The requirement to call the `rebalance()` function is checked by default every 30 seconds by the pool Noether Node. But if the pool node is not working as it should, any user can call the `rebalance()` function, meaning it's permissionless. This is important to guarantee that users can exit the pool even if its owner abandons the pool.

## User

This section is responsible for exposing controls for the users to join and exit the pool. It implements the following actions: deposit, stake, unstake, and withdraw.

The first step to join the pool is to `deposit()` some CTSI tokens. The user should set an allowance on the ERC-20 CTSI contract and then call `deposit()` with the desired stake amount. This action will transfer the tokens to the
pool contract and start a timeout timer for the next step.

> We define a timeout between `deposit()` and `stake()` steps, so the pool is protected against possible exploits. An attacker tries to predict what pool will be the next selected to produce a block and attempts to join it just before it happens so they can participate in the reward without waiting.
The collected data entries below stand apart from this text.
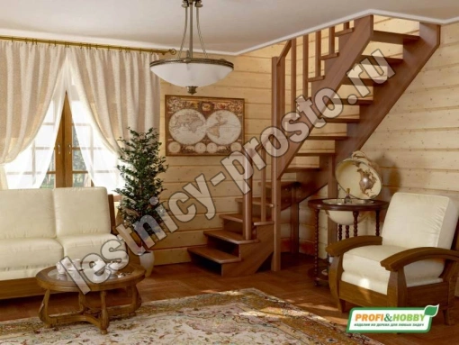 Ступени и поручень лестницы изготовлены из бука, остальные элементы из сосны.
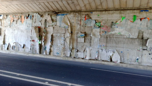 Le pareti della galleria sono ricoperte da strati sovrapposti di manifesti pubblicitari, logori e scollati, che l’umidità ha trasformato in fogli pesanti e instabili. “Si staccano a brandelli – scrive il lettore – e rischiano di finire sulla carreggiata, soprattutto quando passano moto o scooter. È un pericolo reale”.
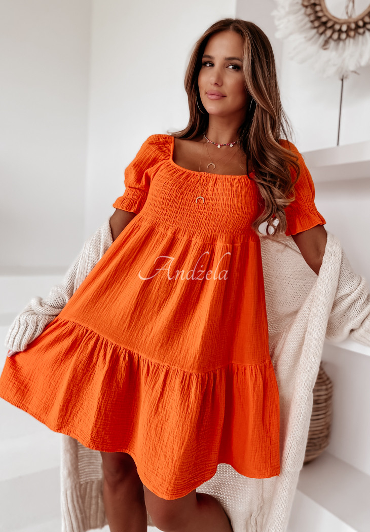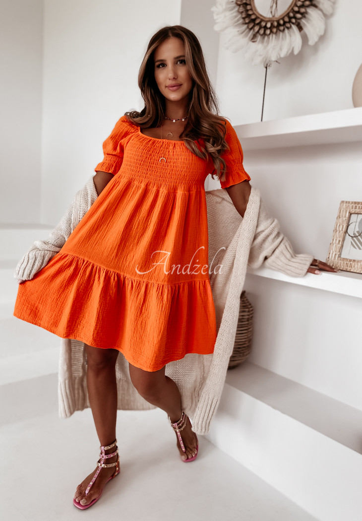Girlish dress, made of muslin fabric, perfect for summer. The model with an elastic crease in the upper part and elastic in the neckline, thanks to which it adapts to the figure. The bottom and short sleeves are finished with frills, giving the whole thing lightness. This proposal is a perfect choice for everyday looks on hot days. This high-quality product is available in several color variants.

After a wait time of 6 hours, the user can call `stake()`, which will decrease their internal balance with the pool in exchange for pool shares. The shares are issued at the current rate of parity between all shares vs. all pool-staked balances.
The user participates in rewards right away.

As a secondary effect, after a call to `stake()` happens, the contract will be ready to stake this new available balance on the Cartesi PoS system, as described in the previous section.
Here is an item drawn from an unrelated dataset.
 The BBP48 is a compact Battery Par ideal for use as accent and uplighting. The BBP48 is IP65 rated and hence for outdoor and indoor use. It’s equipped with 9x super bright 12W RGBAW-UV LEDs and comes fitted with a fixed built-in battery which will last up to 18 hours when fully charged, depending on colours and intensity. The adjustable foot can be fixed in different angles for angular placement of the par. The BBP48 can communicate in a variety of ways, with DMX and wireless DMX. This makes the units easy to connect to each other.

The next natural step is to eventually `unstake()` some quantity of shares. By calling `unstake()`, the user will convert their shares into a CTSI balance at the current exchange rate. As a secondary effect, it will signal to the contract
to also unstake CTSI on the Cartesi PoS, so later it's available for the user to withdraw.
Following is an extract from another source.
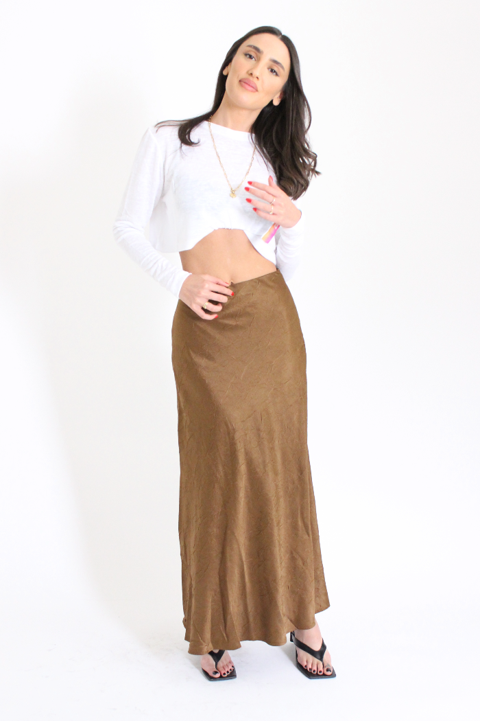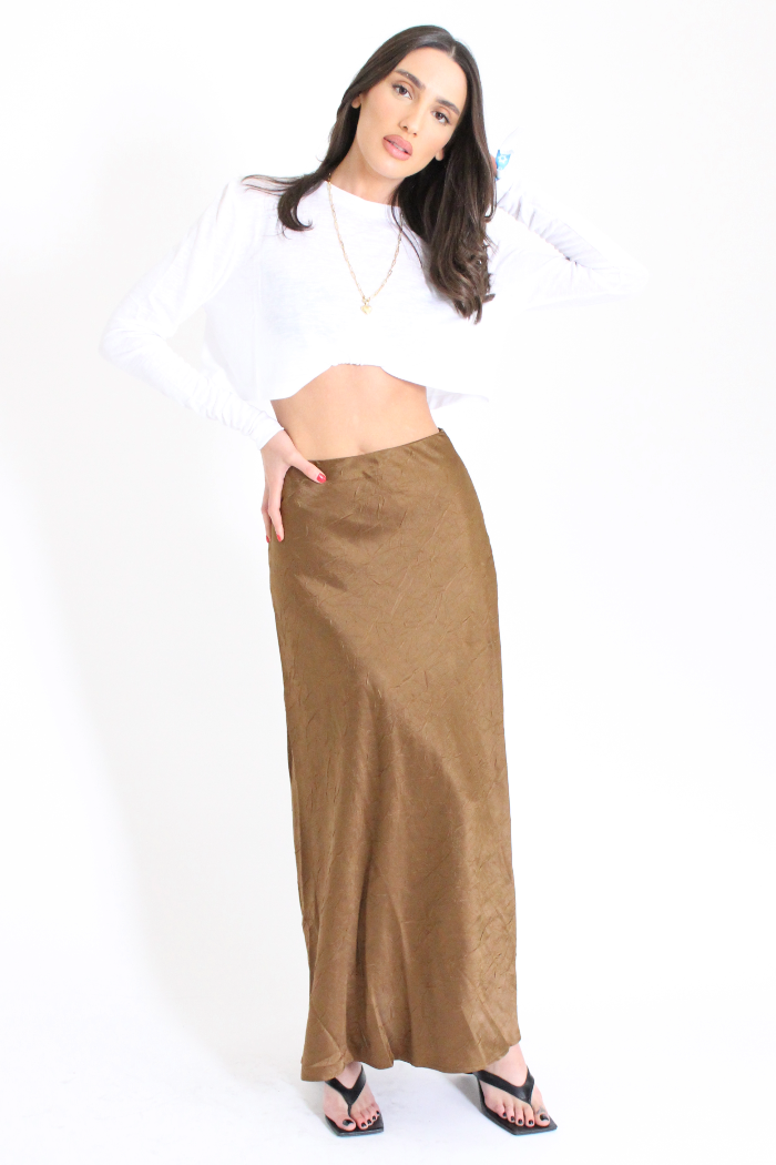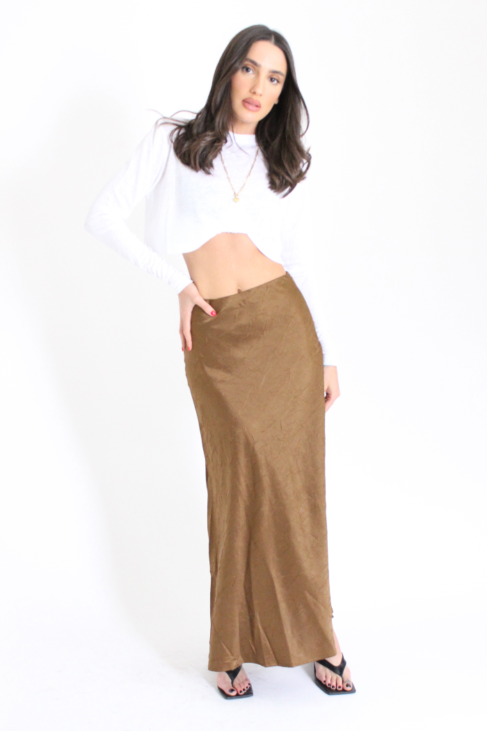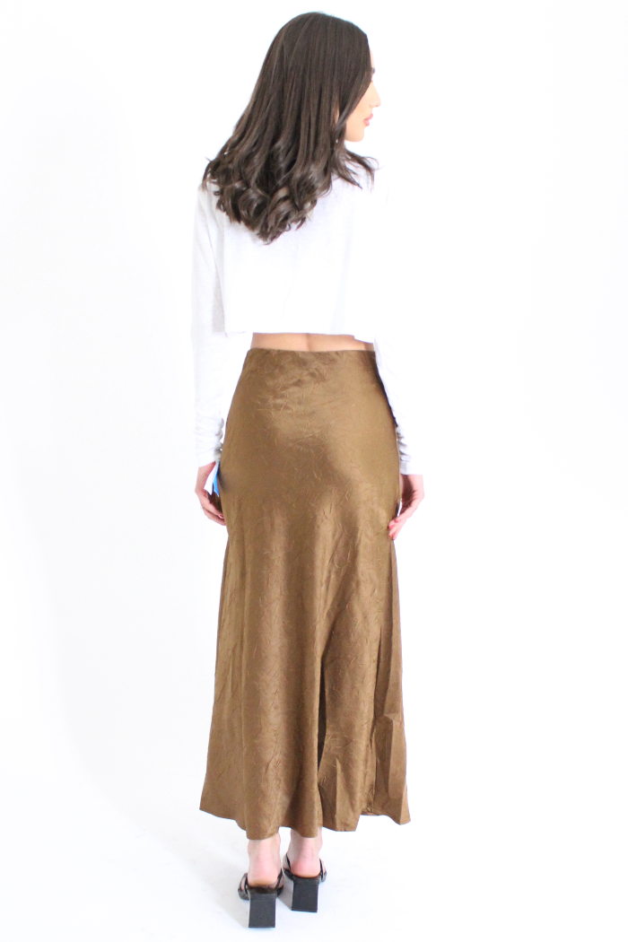 חצאית נשפכת יפייפיה מבד דמוי משי עם חיתוכים , בגזרה גבוהה

> NOTE: if there is an influx of users at the same time someone tries to leave, that will make the pool contract liquid without calling unstake on Cartesi PoS contracts. As a result, this hypothetical user will be able to exit the pool faster.

Finally, whenever the user has a free balance (after a `deposit` or after calling `unstake`), and the pool also has the required liquidity (active balance on the ERC-20 CTSI contract), they are allowed to call `withdraw()` for how much they want to have transferred back to their wallets.
The diagram below illustrates the four operations described above and how they affect the pool and user data.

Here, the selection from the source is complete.